Antivirus Tools Ineffective Magic, Says Google’s Senior Security Engineer
Antivirus are largely ineffective and the security field should focus on something more lucrative for technology.
It is a common conception that antivirus is essential to a computer system, but Google’s senior security engineer Darren Bilby believes to the contrary.
Speaking at Kiwicon hacking conference last November, Bilby, manager of Platform Integrity team as part of the Enterprise Infrastructure Protection Group, explained his stance. In his opinion, antivirus apps are largely ineffective and the security field should focus on something more lucrative for technology.

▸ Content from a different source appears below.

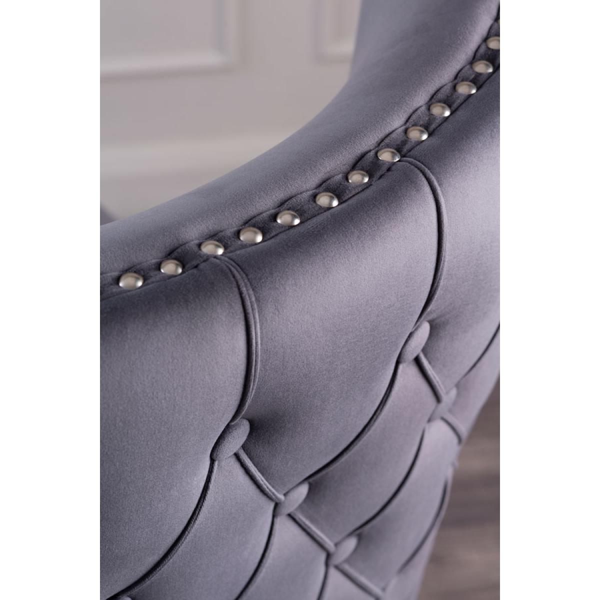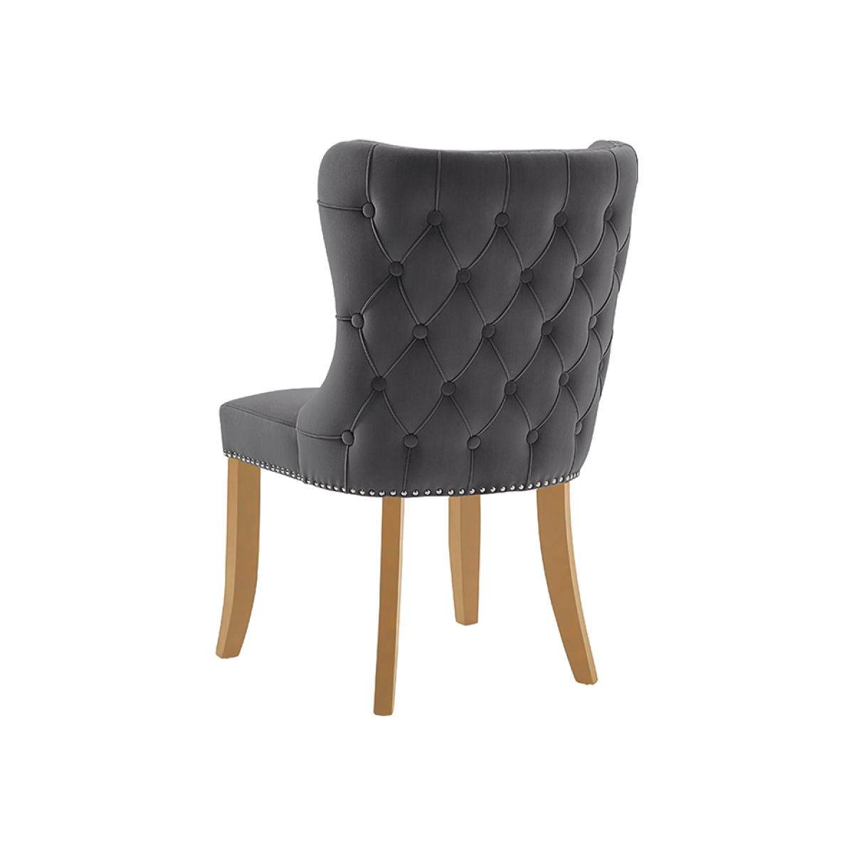Distinctive buttoning to the back gives character to this elegant chair. Finely tailored velvet upholstery with beautiful pinched pleat detailing and deep buttoning. Comfortable foam seat with sprung webbing. Stained solid ash legs. Minimal assembly required, simply attach legs.

He referred to a series of cyberattacks namely 2009 Operation Aurora campaign, that made several computers vulnerable to attacks. Holding attacks like those as example, he builds on his stance that antivirus has been in fact, ineffective.

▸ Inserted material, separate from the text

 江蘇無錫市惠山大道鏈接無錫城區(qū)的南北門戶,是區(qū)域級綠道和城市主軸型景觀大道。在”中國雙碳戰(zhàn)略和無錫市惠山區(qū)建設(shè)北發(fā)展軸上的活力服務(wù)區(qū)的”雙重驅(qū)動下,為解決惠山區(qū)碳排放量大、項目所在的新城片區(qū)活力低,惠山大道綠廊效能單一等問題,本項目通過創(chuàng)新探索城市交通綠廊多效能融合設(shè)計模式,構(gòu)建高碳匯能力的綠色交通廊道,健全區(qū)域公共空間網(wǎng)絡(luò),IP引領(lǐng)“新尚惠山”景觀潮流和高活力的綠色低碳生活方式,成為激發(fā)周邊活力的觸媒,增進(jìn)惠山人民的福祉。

Antivirus, he continues, are mostly ineffective magic that admins install out of compulsion, and not because they are effective. Instead of investigating products that haven’t performed, it is necessary to invest effort in an alternate solution. He went to surmise:
Antivirus does some useful things, but in reality it is more like a canary in the coal mine. It is worse than that. It’s like we are standing around the dead canary saying ‘Thank god it inhaled all the poisonous gas’.

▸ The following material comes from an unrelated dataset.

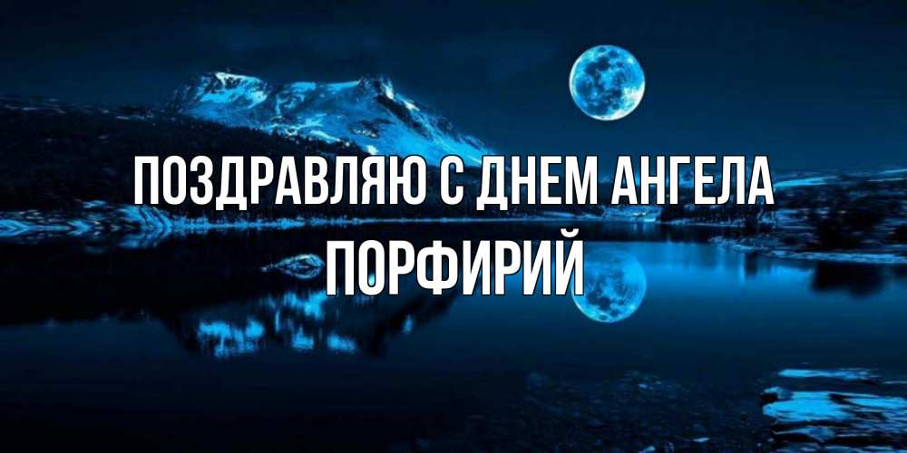 Открытка Поздравляю с днем Ангела Порфирий. Луна и озеро. луна, озеро, горы

Focusing On Effective Solutions
The Google engineer eventually calls for security experts and hackers to concentrate on things that are more important, such as intrusion detection systems that can make a difference and protect users even if they access malicious websites or open compromised documents.
And sure you are going to have to spend some time on things like intrusion detection systems because that’s what the industry has decided is the plan, but allocate some time to working on things that actually genuinely help.
Most companies blame users for getting their system compromised because they click on links and files that are infected. In reality, the security of these systems isn’t competent enough to protect them. This calls for security engineers to focus on fortifying the system.
According to Bilby, networks are not stable enough. Individuals can use mobile networks to upload data to various cloud services that are not adequately protected.
Thoughts on effectiveness of an antivirus are much varied. However, it is reasonable on Bilby’s part to urge his fellow security personnel to devote effort to building a robust and secure system.
We are giving people systems that are not safe for the internet and we are blaming the user.